__What you need to do__:
Please retype the records below exactly as they appear, leaving out every picture.

== Data under study ==

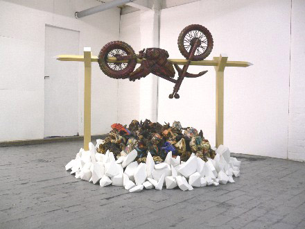 LONERS' ISLAND Gordon Robin Brown, Lloyd Durling, David Marchant, Alex Gene Morrison, Dan Mort, Miranda Whall Curated by Mermaid and Monster Accompanying text by Leona Jones Preview: Friday 23rd November 6.30-9pm Open Wed to Sat 11-5.30 until 12/01/08 NB Closed between 16/12/07 and 03/01/08 Loners' Island is a place familiar to many artists and audiences. It is a place of melancholy, danger, wonderment and disinterested curiosity. It is full of discovery, boredom and potential pitfalls, an aesthetic and conceptual island where both spectator and creator is dragged between extremes of naivet�, mean-spirited sophistication, calculated ugliness, the sublime and the ridiculous. Gordon Robin Brown makes satirical and surreal paintings which combine a curious mix of elegance, humour and eroticism. The works pose bizarre narrative scenes depicting a strange, compromised paradise where both human and animal characters are set in private folkloric ensembles against vast expanses of colour. The large-scale acrylic paintings and small ink watercolours are drawn with a clarity of line and refined draughtsmanship; ideas come through doodling and sketching, often drawn directly onto canvas with no predetermined plan. Brown works instinctively, responding to ideas as they suggest themselves as he works. In one painting, it seems as though the world of Beatrix Potter has collided with The Joy of Sex. Lloyd Durling's delicate and minutely detailed biro drawings explore the way in which many artists are currently dealing with the meaning of landscape. The fantasy elements of his work, their magical extravagancies and gestural filigrees are juxtaposed with brutalised visions of humanity and environmental destruction. The complexity of these works offers a poised view of a world that is simultaneously perfected by technology and destroyed by modern warfare and industry. David Marchant�s work embraces technology and also questions it. He uses simple, recognisable objects reworked to engage with complex issues. He also uses video and performance to question identity and challenge possible public oppression. Known for his slick and slimy pictures of mutant creatures, Alex Gene Morrison lures his audience into a world of melting heads, rotten carcasses and giant flies. The idea of seduction and repulsion is very important to Morrison. His paintings, collages and animations brings the audience into a visceral experience and then keys into some of the base, yet very powerful human emotions such as desire, fear, disgust and wonder. Dan Mort describes his work as �possible sculpture�. Playfully fusing disparate items, materials and modes of production, his pieces often reference familiar modernist strategies that are thrown off balance by the inclusion of unexplained elements. sheer materiality and a sense of the arbitrary play against the works� potential as signifiers. He wants to consider whether determined conditions of viewing inevitably force the assignation of contextual or symbolic resonance, or if the resulting work could in fact be understood as nothing more than stuff, arranged �sculpture-wise� in vacuous, quasi aesthetic configurations. Miranda Whall's videos, photographs and drawings create unique contexts in which to represent specific relationships between herself, nature and the wider external environment. Self-portraits absorbed in the scatological necessities, autoerotic pleasures and the pragmatic monitoring of her fertile conditions are played out and coexist alongside arbitrary and seemingly indiscriminate non-hierarchical groupings of images and objects such as birds, farm machinery, rural architecture and transport. Whall, often humorously, attempts to establish an equality between herself and her co-habitors or locality. She is interested in purposefully ignoring the boundaries that exist between her and other things and through doing so questions what and where it is appropriate and inappropriate to be female. If Loners' Island has more than one resident, then surely it becomes a small community of likeminded souls with connections between the artist and audience. Not so on this desolate, rather disturbing isle, where each artist would rather die a honourable death or eat his or her young than become part of the general consensus. Each artist here stakes their own idiosyncratic claim on Loners' Island, where their work can fight internal battles and say, This is this, this isn�t something else. |
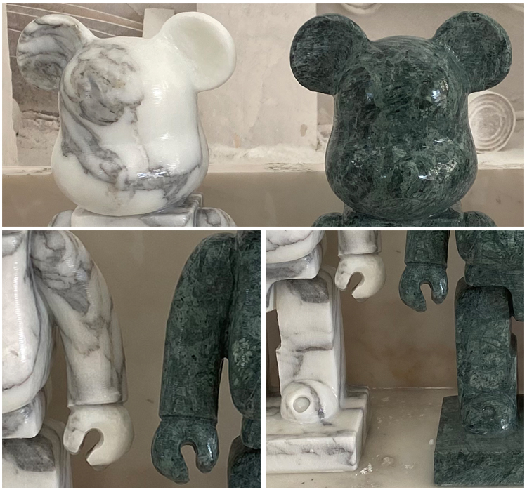Tamaño personalizado decoración del hogar DIY arte moderno dibujos animados piedra Natural sólida Bearbrick modelo escultura mármol oso ladrillo estatuas |
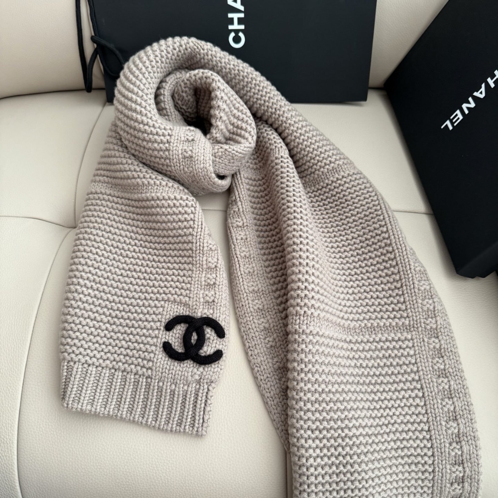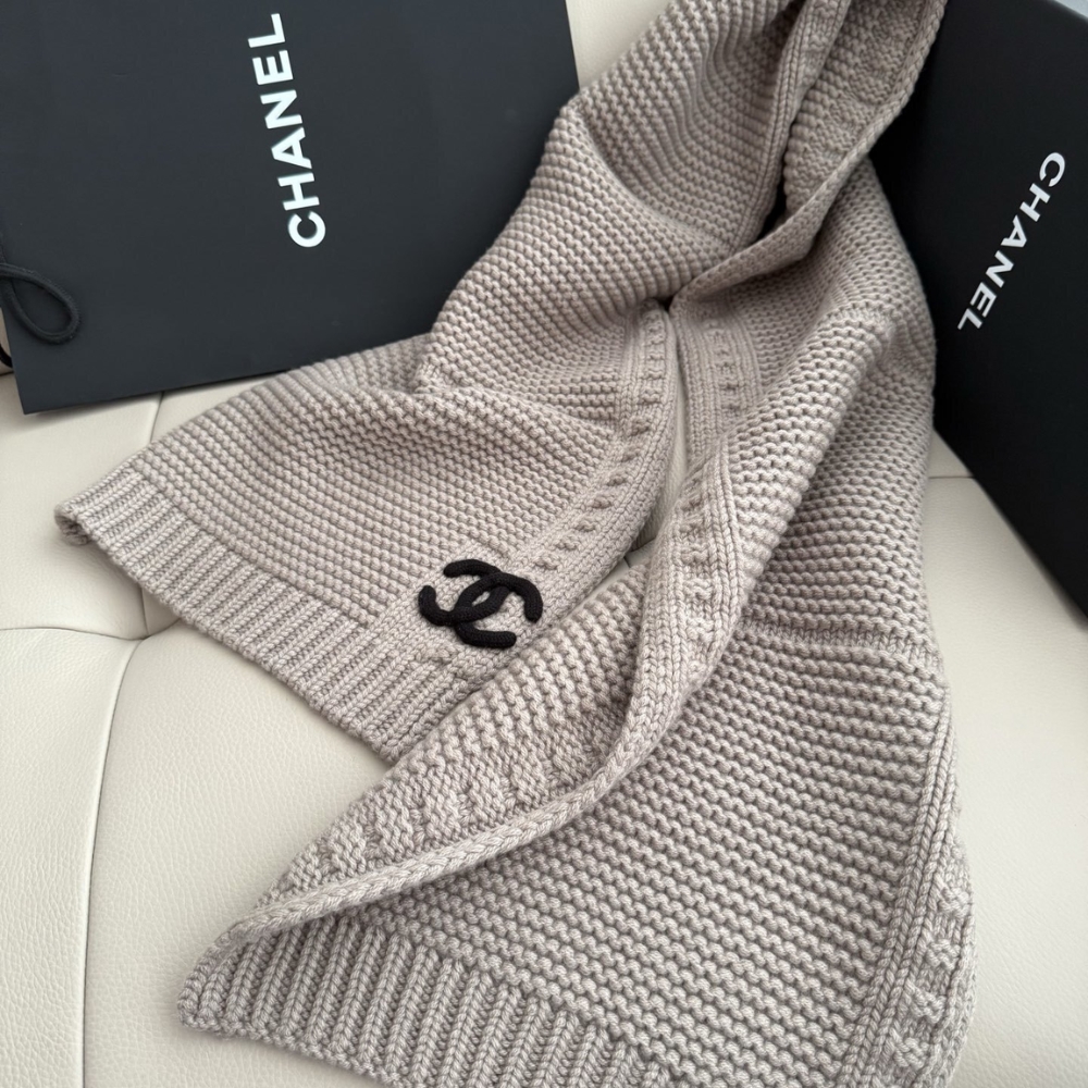 Chanel Cashmere Knit Scarve Beige / Cozy Scarf / Chic Style / Winter accessories
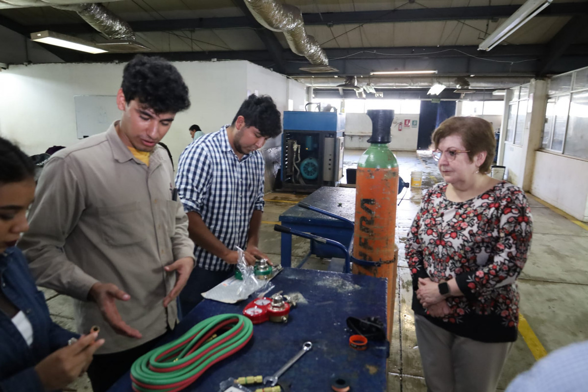 La rectora Dra. Mara Acosta González en compañía del director de la carrera Mtro. Agustín Cervantes Torres, saludó y supervisó las actividades correspondientes a corte y soldadura
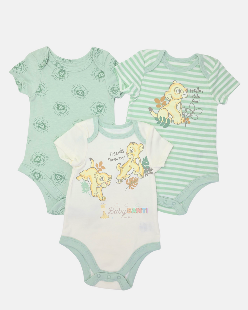 Este conjunto de body de tres piezas súper lindo con diseño de Simba y es perfecto para vestir a tu bebé en cualquier ocasión.
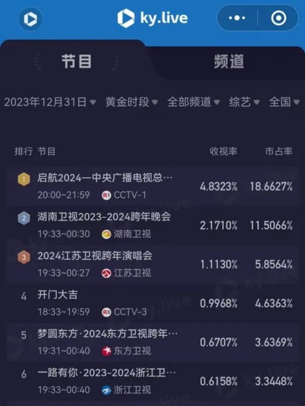 据羊城派报道,零点过后,收视率统计即时性最强的酷云数据出结果了。当晚,央视跨年晚会以4.83%的收视率拿下断层第一,湖南卫视跨年晚会以2.17%的收视率位居卫视第一,江苏卫视以1.11%拿下卫视第二,东方卫视以0.67%拿下卫视第三,浙江卫视以0.62%拿下卫视第四。

===

__Output below__:
 LONERS' ISLAND Gordon Robin Brown, Lloyd Durling, David Marchant, Alex Gene Morrison, Dan Mort, Miranda Whall Curated by Mermaid and Monster Accompanying text by Leona Jones Preview: Friday 23rd November 6.30-9pm Open Wed to Sat 11-5.30 until 12/01/08 NB Closed between 16/12/07 and 03/01/08 Loners' Island is a place familiar to many artists and audiences. It is a place of melancholy, danger, wonderment and disinterested curiosity. It is full of discovery, boredom and potential pitfalls, an aesthetic and conceptual island where both spectator and creator is dragged between extremes of naivet�, mean-spirited sophistication, calculated ugliness, the sublime and the ridiculous. Gordon Robin Brown makes satirical and surreal paintings which combine a curious mix of elegance, humour and eroticism. The works pose bizarre narrative scenes depicting a strange, compromised paradise where both human and animal characters are set in private folkloric ensembles against vast expanses of colour. The large-scale acrylic paintings and small ink watercolours are drawn with a clarity of line and refined draughtsmanship; ideas come through doodling and sketching, often drawn directly onto canvas with no predetermined plan. Brown works instinctively, responding to ideas as they suggest themselves as he works. In one painting, it seems as though the world of Beatrix Potter has collided with The Joy of Sex. Lloyd Durling's delicate and minutely detailed biro drawings explore the way in which many artists are currently dealing with the meaning of landscape. The fantasy elements of his work, their magical extravagancies and gestural filigrees are juxtaposed with brutalised visions of humanity and environmental destruction. The complexity of these works offers a poised view of a world that is simultaneously perfected by technology and destroyed by modern warfare and industry. David Marchant�s work embraces technology and also questions it. He uses simple, recognisable objects reworked to engage with complex issues. He also uses video and performance to question identity and challenge possible public oppression. Known for his slick and slimy pictures of mutant creatures, Alex Gene Morrison lures his audience into a world of melting heads, rotten carcasses and giant flies. The idea of seduction and repulsion is very important to Morrison. His paintings, collages and animations brings the audience into a visceral experience and then keys into some of the base, yet very powerful human emotions such as desire, fear, disgust and wonder. Dan Mort describes his work as �possible sculpture�. Playfully fusing disparate items, materials and modes of production, his pieces often reference familiar modernist strategies that are thrown off balance by the inclusion of unexplained elements. sheer materiality and a sense of the arbitrary play against the works� potential as signifiers. He wants to consider whether determined conditions of viewing inevitably force the assignation of contextual or symbolic resonance, or if the resulting work could in fact be understood as nothing more than stuff, arranged �sculpture-wise� in vacuous, quasi aesthetic configurations. Miranda Whall's videos, photographs and drawings create unique contexts in which to represent specific relationships between herself, nature and the wider external environment. Self-portraits absorbed in the scatological necessities, autoerotic pleasures and the pragmatic monitoring of her fertile conditions are played out and coexist alongside arbitrary and seemingly indiscriminate non-hierarchical groupings of images and objects such as birds, farm machinery, rural architecture and transport. Whall, often humorously, attempts to establish an equality between herself and her co-habitors or locality. She is interested in purposefully ignoring the boundaries that exist between her and other things and through doing so questions what and where it is appropriate and inappropriate to be female. If Loners' Island has more than one resident, then surely it becomes a small community of likeminded souls with connections between the artist and audience. Not so on this desolate, rather disturbing isle, where each artist would rather die a honourable death or eat his or her young than become part of the general consensus. Each artist here stakes their own idiosyncratic claim on Loners' Island, where their work can fight internal battles and say, This is this, this isn�t something else. |
Tamaño personalizado decoración del hogar DIY arte moderno dibujos animados piedra Natural sólida Bearbrick modelo escultura mármol oso ladrillo estatuas |
 Chanel Cashmere Knit Scarve Beige / Cozy Scarf / Chic Style / Winter accessories
 La rectora Dra. Mara Acosta González en compañía del director de la carrera Mtro. Agustín Cervantes Torres, saludó y supervisó las actividades correspondientes a corte y soldadura
 Este conjunto de body de tres piezas súper lindo con diseño de Simba y es perfecto para vestir a tu bebé en cualquier ocasión.
 据羊城派报道,零点过后,收视率统计即时性最强的酷云数据出结果了。当晚,央视跨年晚会以4.83%的收视率拿下断层第一,湖南卫视跨年晚会以2.17%的收视率位居卫视第一,江苏卫视以1.11%拿下卫视第二,东方卫视以0.67%拿下卫视第三,浙江卫视以0.62%拿下卫视第四。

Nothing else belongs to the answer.